CIRA-FM
- Montreal, Quebec; Canada;
- Frequency: 91.3 MHz
- Branding: Radio Ville-Marie

Programming
- Language: French
- Format: Religious

Ownership
- Owner: Radio Ville-Marie

History
- First air date: 1994

Technical information
- Class: C1
- ERP: 36.2 kilowatts horizontal polarization only
- HAAT: 242.5 metres (796 ft)

Links
- Website: Radio VM website

= CIRA-FM =

Catholic radio station in Montreal

CIRA-FM is a French language radio station located in Montreal, Quebec, Canada. Its studios are located at 5000 d'Iberville street in the Plateau Mont-Royal district of Montreal.

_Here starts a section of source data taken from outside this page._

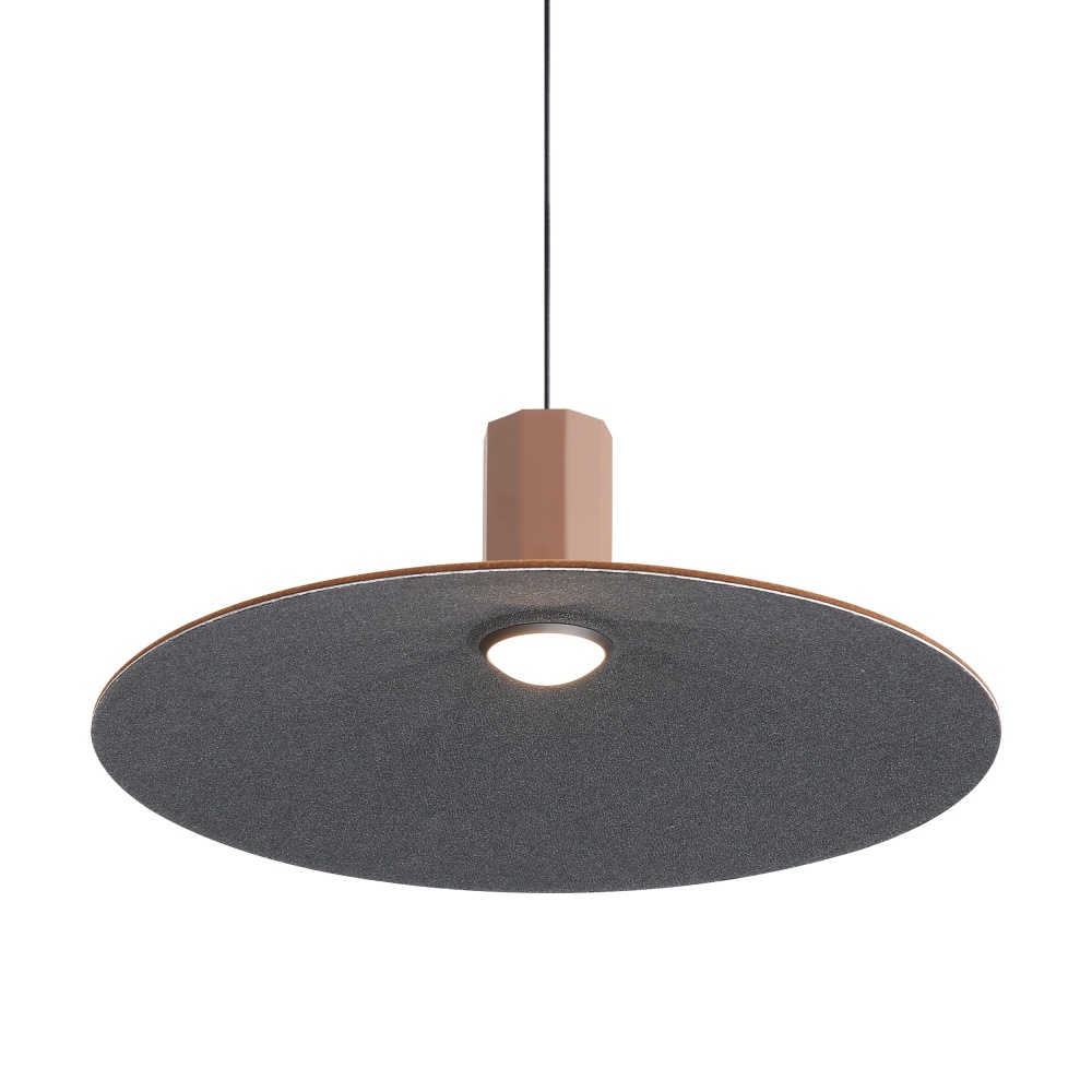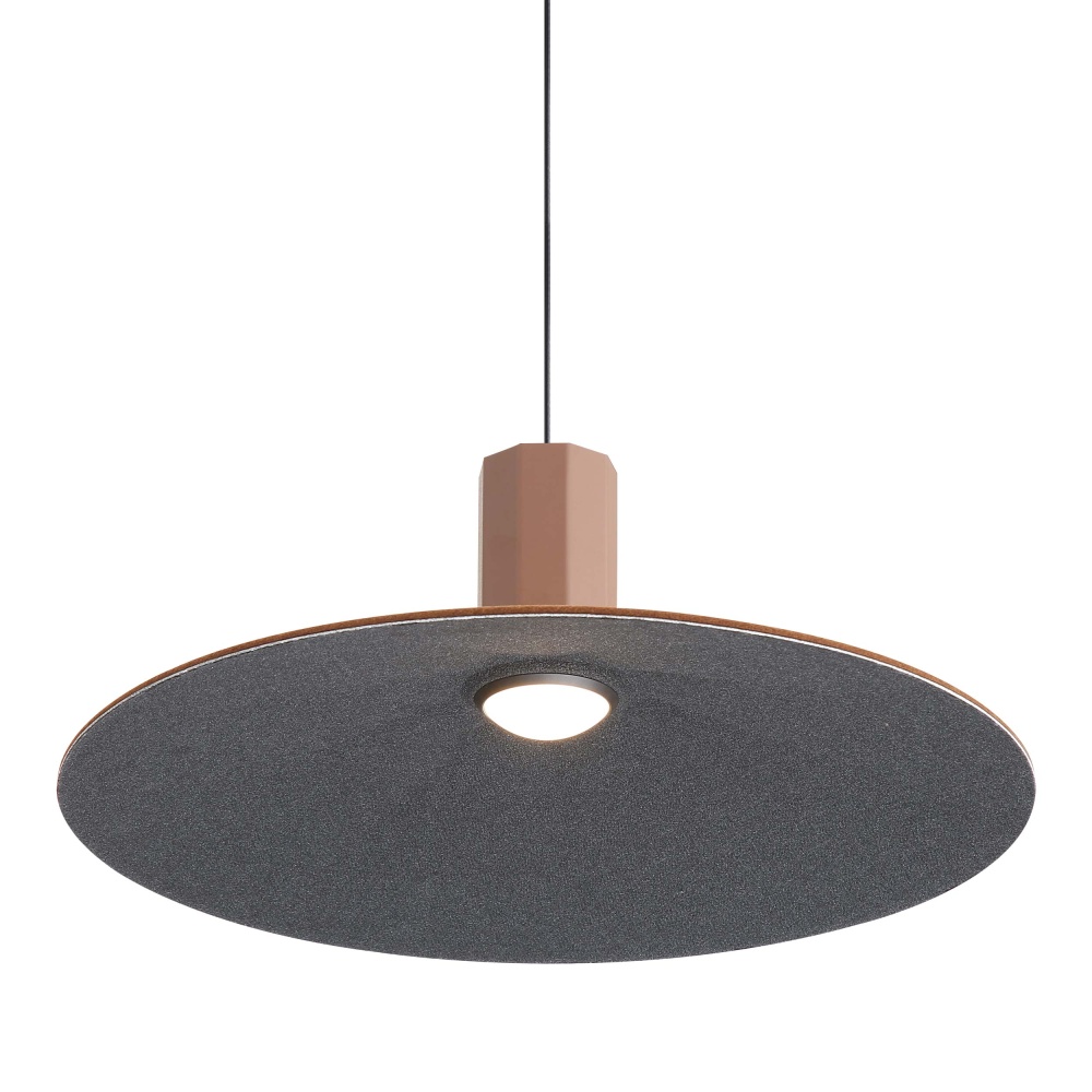 Bring modern elegance into your home with the Golden Lighting Faroe 20in Integrated LED Pendant. Featuring a felt shade and a coffee-colored frame, this fixture creates a welcoming atmosphere. The dual-toned shade includes a coffee-colored exterior and a black interior, which provides a cozy, focused light and enhanced sound-dampening properties. This rich finish adds warmth and sophistication to your modern or transitional interiors. Designed for dry locations, this pendant is adjustable in height from 9.5" to 129.5" and is ideal for areas not subject to moisture like living rooms and bedrooms. Overall dimensions are 19.5"W x 7.38"H x 19.5"D, with integrated LED technology delivering 610 rated lumens at a warm 3000K glow. Elevate your space with this exquisite blend of beautiful design and practical features.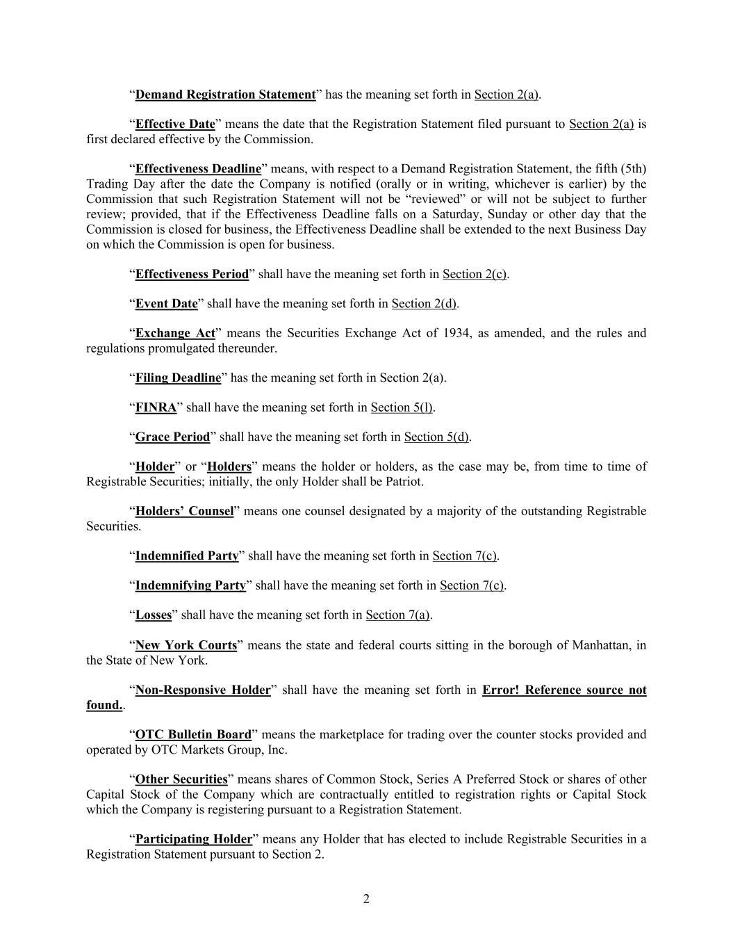 2 “Demand Registration Statement” has the meaning set forth in Section 2(a). “Effective Date” means the date that the Registration Statement filed pursuant to Section 2(a) is first declared effective by the Commission. “Effectiveness Deadline” means, with respect to a Demand Registration Statement, the fifth (5th) Trading Day after the date the Company is notified (orally or in writing, whichever is earlier) by the Commission that such Registration Statement will not be “reviewed” or will not be subject to further review; provided, that if the Effectiveness Deadline falls on a Saturday, Sunday or other day that the Commission is closed for business, the Effectiveness Deadline shall be extended to the next Business Day on which the Commission is open for business. “Effectiveness Period” shall have the meaning set forth in Section 2(c). “Event Date” shall have the meaning set forth in Section 2(d). “Exchange Act” means the Securities Exchange Act of 1934, as amended, and the rules and regulations promulgated thereunder. “Filing Deadline” has the meaning set forth in Section 2(a). “FINRA” shall have the meaning set forth in Section 5(l). “Grace Period” shall have the meaning set forth in Section 5(d). “Holder” or “Holders” means the holder or holders, as the case may be, from time to time of Registrable Securities; initially, the only Holder shall be Patriot. “Holders’ Counsel” means one counsel designated by a majority of the outstanding Registrable Securities. “Indemnified Party” shall have the meaning set forth in Section 7(c). “Indemnifying Party” shall have the meaning set forth in Section 7(c). “Losses” shall have the meaning set forth in Section 7(a). “New York Courts” means the state and federal courts sitting in the borough of Manhattan, in the State of New York. “Non-Responsive Holder” shall have the meaning set forth in Error! Reference source not found.. “OTC Bulletin Board” means the marketplace for trading over the counter stocks provided and operated by OTC Markets Group, Inc. “Other Securities” means shares of Common Stock, Series A Preferred Stock or shares of other Capital Stock of the Company which are contractually entitled to registration rights or Capital Stock which the Company is registering pursuant to a Registration Statement. “Participating Holder” means any Holder that has elected to include Registrable Securities in a Registration Statement pursuant to Section 2.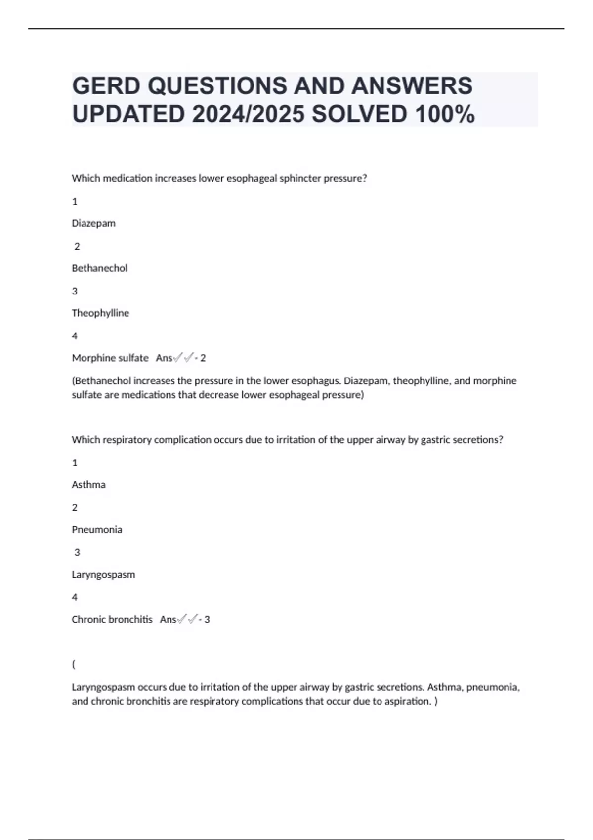 GERD QUESTIONS AND ANSWERS UPDATED 2024/2025 SOLVED 100%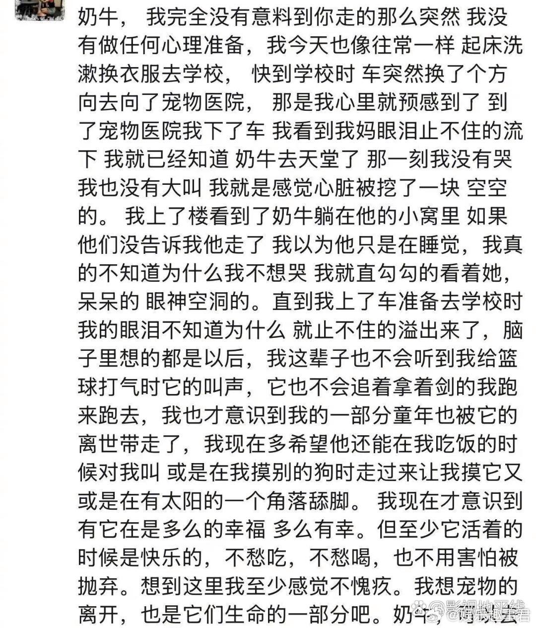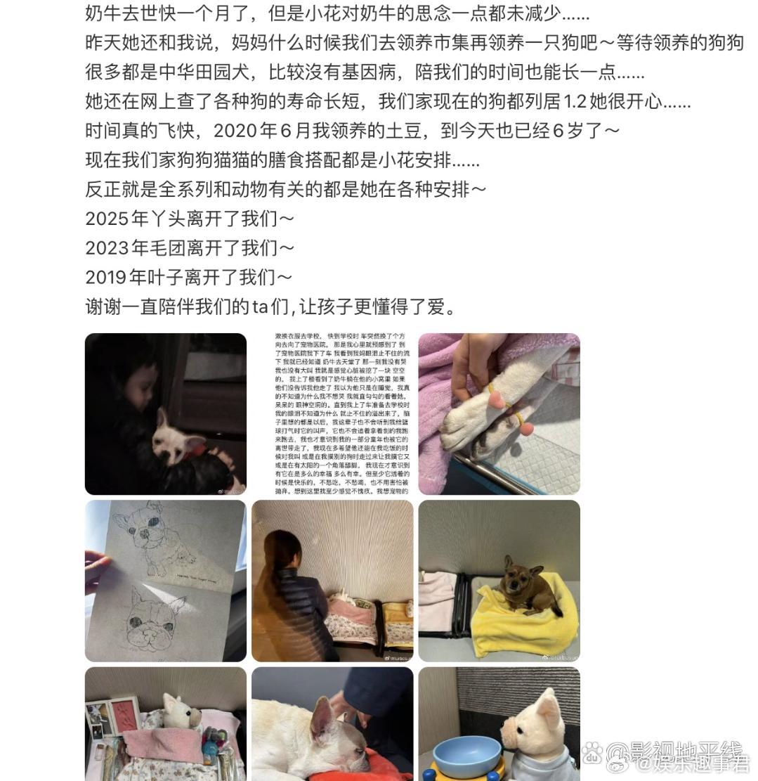 孙俪家的小狗奶牛去世了8日,孙俪发文透露家里的小狗“奶牛”一个月前去世了,等等为奶牛写了一篇日记,小花选了两个爱心皮筋戴在了奶牛的手上,每天放学回到家还会捣鼓一下奶牛的床,看到奶牛的骨灰拿回家痛哭。孙俪说谢谢一直陪伴ta们,让孩子更懂得爱。

It broadcasts on 91.3 MHz with an effective radiated power of 36,200 watts (class C1) using an omnidirectional antenna located atop Mount Royal. Radio Ville-Marie now stylized as Radio VM received CRTC approval in 1994 to operate a new religious French-language FM radio programming at Montreal.

This radio station is Catholic and has a religious broadcasting format. Since its inception in 1995 it identifies itself as "Radio Ville-Marie". CIRA-FM is not a commercial broadcaster and as such does not carry paid advertising.

==Transmitters==
In addition to the Montreal station on 91.3 FM, CIRA-FM also broadcasts on the following frequencies:
- CIRA-FM-1: Sherbrooke (100.3 FM) (licensed to Radio-Soleil-Estrie as a separate radiocommunication distribution undertaking) - launched September 20, 1998
- CIRA-FM-2: Trois-Rivières (89.9 FM) - launched September 9, 2005
- CIRA-FM-3: Victoriaville (89.3 FM) - launched January 5, 2006
- CIRA-FM-4: Rimouski (104.1 FM)

===AM rebroadcaster===
A transmitter for Canada's National Capital Region, CIRA-5 (1350 AM) in Gatineau, was on the air from 2012 to 2015. That transmitter received CRTC approval on September 23, 2009. In 2011, the 1350 AM transmitter began on-air testing, simulcasting the programming of CJEU 1670 AM temporarily until CIRA-FM officially launched its programs on 1350 AM as CIRA-5 in 2012. In 2015, CIRA-5 was shut down due to lack of money to keep that transmitter going. CIRA's FM transmitters remain unaffected with CIRA-5's shutdown. The 1350 AM frequency was a former frequency that was used by CHVR in Pembroke, Ontario, until it moved to FM in 1996. In 2018, CHFO in Gatineau occupied the AM 1350 frequency until it left the air in 2019.